■ What is expected ■
What is needed is an exact repeat of the lines from the line containing "Merită cele mai" through the final line of the entries below, and nothing else.

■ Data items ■
______

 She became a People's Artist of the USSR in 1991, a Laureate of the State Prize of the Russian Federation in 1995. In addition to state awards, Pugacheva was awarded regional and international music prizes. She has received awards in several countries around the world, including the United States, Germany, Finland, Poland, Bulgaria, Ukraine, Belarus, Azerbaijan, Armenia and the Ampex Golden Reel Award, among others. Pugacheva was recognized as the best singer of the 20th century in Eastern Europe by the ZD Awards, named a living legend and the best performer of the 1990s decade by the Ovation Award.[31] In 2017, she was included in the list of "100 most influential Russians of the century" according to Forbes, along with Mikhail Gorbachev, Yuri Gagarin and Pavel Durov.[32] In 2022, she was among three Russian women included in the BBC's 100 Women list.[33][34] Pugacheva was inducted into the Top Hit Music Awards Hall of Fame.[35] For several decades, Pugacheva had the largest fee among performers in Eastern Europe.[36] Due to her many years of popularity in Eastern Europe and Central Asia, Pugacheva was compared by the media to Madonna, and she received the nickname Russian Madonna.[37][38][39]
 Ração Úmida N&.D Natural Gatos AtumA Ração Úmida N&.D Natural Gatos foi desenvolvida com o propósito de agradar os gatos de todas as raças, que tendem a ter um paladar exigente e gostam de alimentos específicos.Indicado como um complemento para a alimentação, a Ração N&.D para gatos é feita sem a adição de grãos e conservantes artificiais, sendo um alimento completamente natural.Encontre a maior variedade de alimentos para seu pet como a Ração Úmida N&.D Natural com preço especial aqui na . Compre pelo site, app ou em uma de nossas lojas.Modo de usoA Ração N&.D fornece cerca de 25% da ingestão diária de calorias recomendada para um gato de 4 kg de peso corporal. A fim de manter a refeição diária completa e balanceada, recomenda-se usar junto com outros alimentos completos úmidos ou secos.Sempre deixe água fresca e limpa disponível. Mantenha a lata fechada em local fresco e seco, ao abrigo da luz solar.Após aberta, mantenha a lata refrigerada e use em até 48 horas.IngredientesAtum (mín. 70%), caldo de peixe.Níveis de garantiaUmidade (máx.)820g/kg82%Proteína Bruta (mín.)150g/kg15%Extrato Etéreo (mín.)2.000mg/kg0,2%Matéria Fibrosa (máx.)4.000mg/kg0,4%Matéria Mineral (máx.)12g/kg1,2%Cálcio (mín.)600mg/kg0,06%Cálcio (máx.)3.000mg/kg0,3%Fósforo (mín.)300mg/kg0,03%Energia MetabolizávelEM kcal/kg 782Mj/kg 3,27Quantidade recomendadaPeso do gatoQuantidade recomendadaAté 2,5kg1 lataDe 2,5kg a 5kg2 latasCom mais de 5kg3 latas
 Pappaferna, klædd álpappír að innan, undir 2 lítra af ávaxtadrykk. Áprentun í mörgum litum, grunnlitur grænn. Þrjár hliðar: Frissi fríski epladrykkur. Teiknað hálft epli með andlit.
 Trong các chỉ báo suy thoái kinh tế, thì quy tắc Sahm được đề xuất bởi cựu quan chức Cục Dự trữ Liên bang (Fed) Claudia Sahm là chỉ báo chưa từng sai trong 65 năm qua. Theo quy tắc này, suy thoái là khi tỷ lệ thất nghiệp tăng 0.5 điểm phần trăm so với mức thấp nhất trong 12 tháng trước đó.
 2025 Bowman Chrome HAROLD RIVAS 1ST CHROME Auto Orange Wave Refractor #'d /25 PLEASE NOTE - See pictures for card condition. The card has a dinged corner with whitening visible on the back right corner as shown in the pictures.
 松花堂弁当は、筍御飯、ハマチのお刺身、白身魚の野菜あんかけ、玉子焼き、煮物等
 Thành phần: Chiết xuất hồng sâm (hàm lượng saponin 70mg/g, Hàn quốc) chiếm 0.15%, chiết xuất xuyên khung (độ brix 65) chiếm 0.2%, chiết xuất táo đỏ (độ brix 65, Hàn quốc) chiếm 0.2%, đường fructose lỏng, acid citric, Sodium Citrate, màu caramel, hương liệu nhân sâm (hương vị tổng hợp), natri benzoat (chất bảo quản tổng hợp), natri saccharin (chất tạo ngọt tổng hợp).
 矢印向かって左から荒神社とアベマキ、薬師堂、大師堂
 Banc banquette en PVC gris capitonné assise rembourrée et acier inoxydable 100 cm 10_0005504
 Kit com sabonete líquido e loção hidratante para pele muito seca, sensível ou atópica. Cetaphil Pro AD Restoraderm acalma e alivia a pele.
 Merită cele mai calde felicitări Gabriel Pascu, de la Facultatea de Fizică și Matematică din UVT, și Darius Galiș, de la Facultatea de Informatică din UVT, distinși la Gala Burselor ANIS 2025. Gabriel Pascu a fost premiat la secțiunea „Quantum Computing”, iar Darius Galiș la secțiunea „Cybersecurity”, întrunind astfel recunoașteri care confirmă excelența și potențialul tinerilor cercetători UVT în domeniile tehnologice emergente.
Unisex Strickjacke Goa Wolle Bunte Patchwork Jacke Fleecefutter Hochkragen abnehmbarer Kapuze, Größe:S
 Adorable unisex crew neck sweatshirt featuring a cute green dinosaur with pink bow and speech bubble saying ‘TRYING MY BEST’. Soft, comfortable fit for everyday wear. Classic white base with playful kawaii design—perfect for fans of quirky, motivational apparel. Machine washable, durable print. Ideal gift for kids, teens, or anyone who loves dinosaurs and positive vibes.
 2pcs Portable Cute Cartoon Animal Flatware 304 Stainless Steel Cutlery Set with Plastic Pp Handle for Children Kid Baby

______

■ Completed task ■
 Merită cele mai calde felicitări Gabriel Pascu, de la Facultatea de Fizică și Matematică din UVT, și Darius Galiș, de la Facultatea de Informatică din UVT, distinși la Gala Burselor ANIS 2025. Gabriel Pascu a fost premiat la secțiunea „Quantum Computing”, iar Darius Galiș la secțiunea „Cybersecurity”, întrunind astfel recunoașteri care confirmă excelența și potențialul tinerilor cercetători UVT în domeniile tehnologice emergente.
Unisex Strickjacke Goa Wolle Bunte Patchwork Jacke Fleecefutter Hochkragen abnehmbarer Kapuze, Größe:S
 Adorable unisex crew neck sweatshirt featuring a cute green dinosaur with pink bow and speech bubble saying ‘TRYING MY BEST’. Soft, comfortable fit for everyday wear. Classic white base with playful kawaii design—perfect for fans of quirky, motivational apparel. Machine washable, durable print. Ideal gift for kids, teens, or anyone who loves dinosaurs and positive vibes.
 2pcs Portable Cute Cartoon Animal Flatware 304 Stainless Steel Cutlery Set with Plastic Pp Handle for Children Kid Baby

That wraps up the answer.